The NunatuKavut Community Council issued a statement Monday saying it expects an agreement with government on methylmercury mitigation at Muskrat Falls to be honoured.
Nalcor says it won’t lower the water levels at Muskrat Falls until mid-July so it can install safety equipment. But a deal between the province and three indigenous groups said the water levels were supposed to be lowered to normal levels in the spring.

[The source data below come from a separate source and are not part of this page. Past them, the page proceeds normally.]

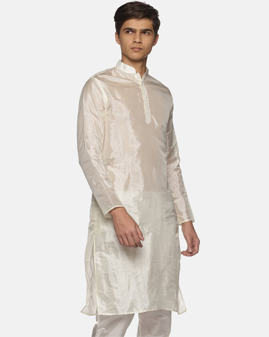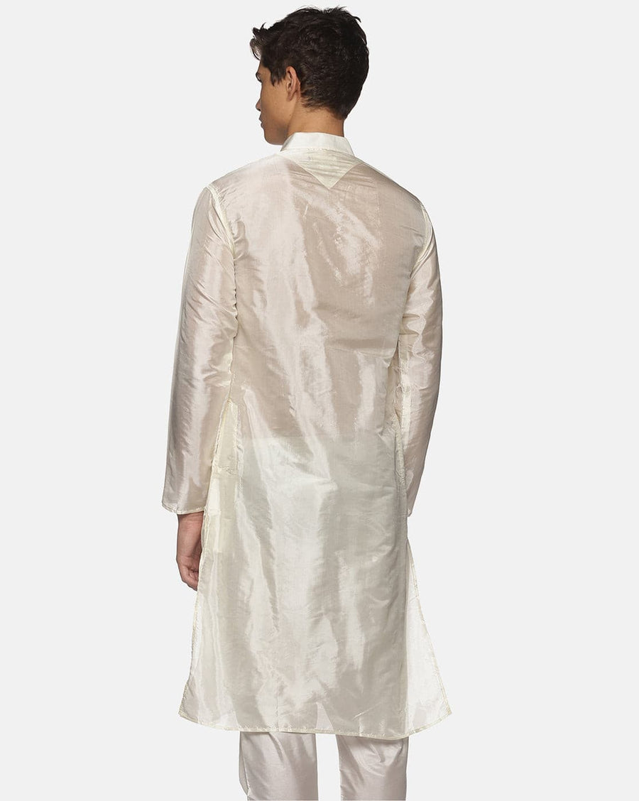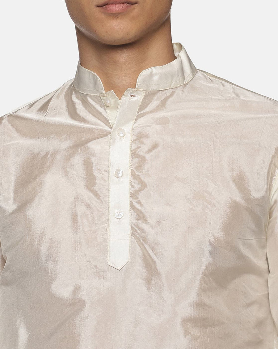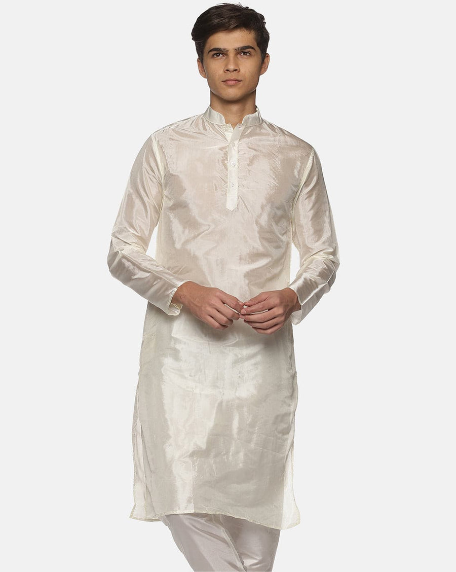 This kurta for men is designed and crafted from Sethukrishna and features a mandarin collar, full sleeves and straight hem. Pose majestically with this knee length kurta with a traditional dhoti pant to make a complete ethnic outfit.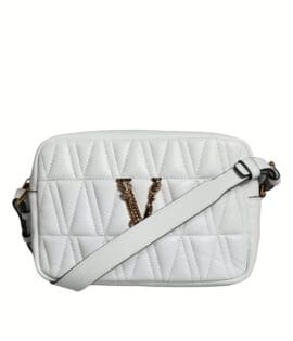 Versace White Quilted Nappa Leather Crossbody Shoulder Bag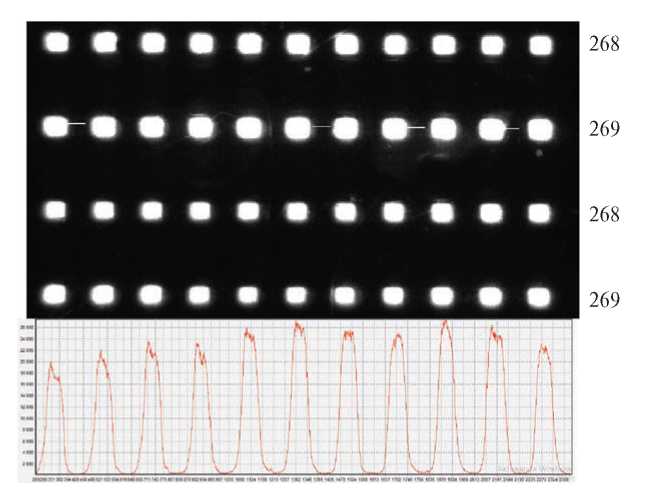 Рис. 11. Картина флуоресценции на канале Cy5 ячеек из щеточных полимеров на поверхности алюминиевой подложки после гибридизации с мишенью, маркированной красителем Cy5. Показаны графики распределения сигналов вдоль проведенной линии на флуоресцентном изображении ряда 1 зонда № 268 и ряда 2 зонда № 269.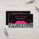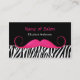Verbreiten Sie das Wort über Ihr Chic und stilvolles neues Friseursalon- und Schönheitswohnzimmer mit diesen stilvollen und modischen rosa und schwarzen Zebradruck-Mode-Visitenkarten mit einem girly Pinkschnurrbart. Personifizieren Sie, indem Sie den Namen des Beautician hinzufügen.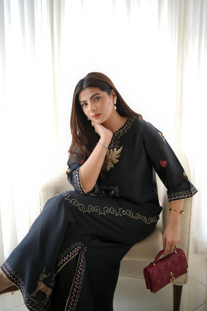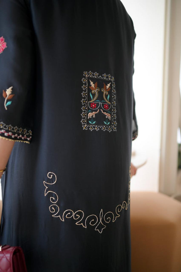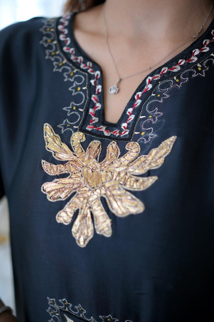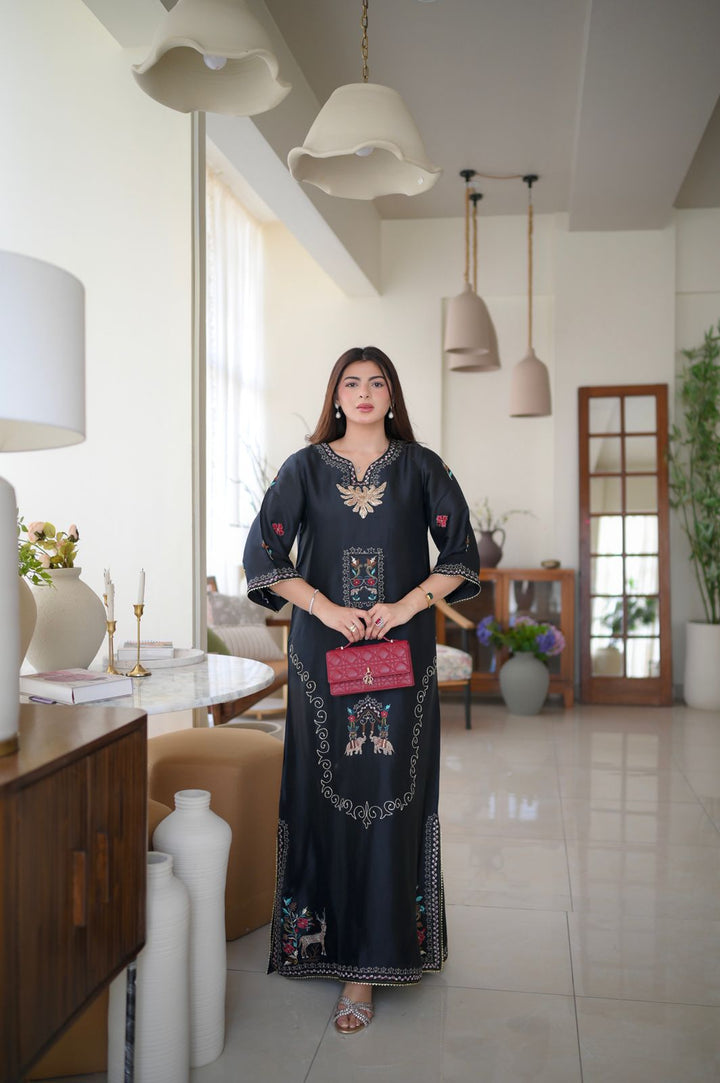 Introducing the “Nayab Kaftan”, an exquisite ensemble that celebrates timeless Mughal artistry. Crafted with delicate embroidery inspired by regal Mughal motifs, this kaftan is accentuated with golden zari detailing that adds a subtle shimmer and luxurious charm. Standard length of kaftan is 56 inches. Fabric: Sheesha Silk kaftan kaftan comes with a pakistani rawsilk pant if taken as two piece. Customisation Options:Can also be customised into a shirt and pants set. Additional charges apply for changing pant fabric.

Nunatsiavut issued a statement Friday saying it expects the deal to be honoured. NunatuKavut President Todd Russell released a statement of his own on Monday.
“Nalcor issued a public statement on June 12, stating that it would be releasing water from the Muskrat Falls reservoir in mid-July in order to install a safety boom across the Churchill River,” Russell said in his statement. “NCC staff were first made aware of these plans during an Independent Expert Advisory Committee planning meeting in mid-May and expressed our concerns to Nalcor at that time. Nalcor President and CEO Stan Marshall also forwarded a letter in regard to Nalcor’s plan to all three Indigenous groups on May 25th.
“It is very disappointing that Nalcor did not acknowledge or address our concerns immediately so that our experts could appropriately review the data. This would help determine whether there would be elevated production of methylmercury as a result of prolonged impoundment during the spring months.
“The Nunatsiavut Government and NCC, in a joint letter to the Premier this past week, stated our expectation that the agreement on methylmercury mitigation reached during the October 26, 2016 meeting between Labrador’s three Indigenous groups and the Province of Newfoundland and Labrador be honoured. We have also been communicating and have held meetings with Nalcor officials on this issue.
“The health and well-being of Southern Inuit is NCC’s focus and priority. It is very important that the appropriate mitigation measures are taken to reduce the potential impact of methylmercury on Southern Inuit health and way of life.”